In yet another inspired effort to cut costs, Victoria University of Wellington will no longer offer formal qualifications to its graduates.
The change will be implemented immediately. It was reportedly inspired by the Faculty of Law’s urgent efforts to reassure its disproportionately under-graded student body by releasing a statement that it is “exceptionally proud” of its graduates.
The governing bodies of the university were reportedly “really excited” by the implications of the Faculty’s statement, according to Vice-Chancellor Grant Guildford.
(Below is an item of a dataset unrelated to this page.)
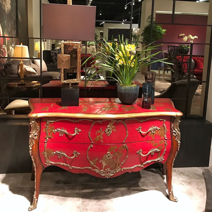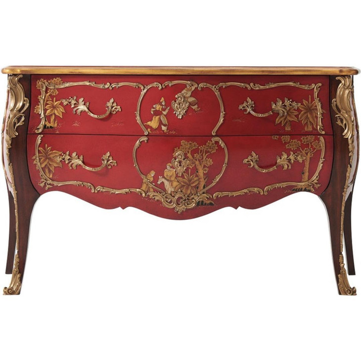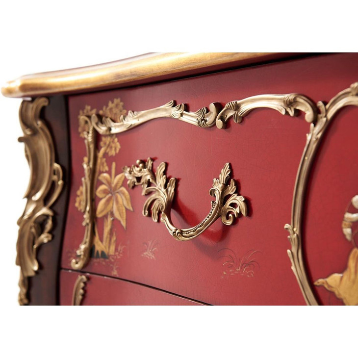 这款法式中国风的边柜带有浓郁的宫廷色彩,精工细作。边柜整体采用华丽的艳丽的红色油漆与金属浮雕搭配,中国工笔绘画成为点缀其中,充满华丽旖旎的风情。

“We thought — wow, this is big news — we now don’t even have to bother with any of this education stuff anymore, because our positive vibes are just as effective in helping our graduates find paid employment.”
The university believes its “exceptional pride” will be recognised by most employers as an effective substitute for a bachelor’s degree. “Overwhelming pride” would replace a master’s degree, while a PhD would be replaced by “the utmost pride” offered by the University.
It acknowledged that some recruiters may prefer the old-fashioned method of judging potential employees by a fair assessment of their academic effort, but it held that such concerns are unfounded considering the “sheer volume of pride” it is prepared to dish out to past and future graduates.
“We’ll help preserve our environment by not printing out all those silly transcripts and degrees,” Guildford intoned enthusiastically.
“Also, this way we don’t even have to pretend we grade students fairly.”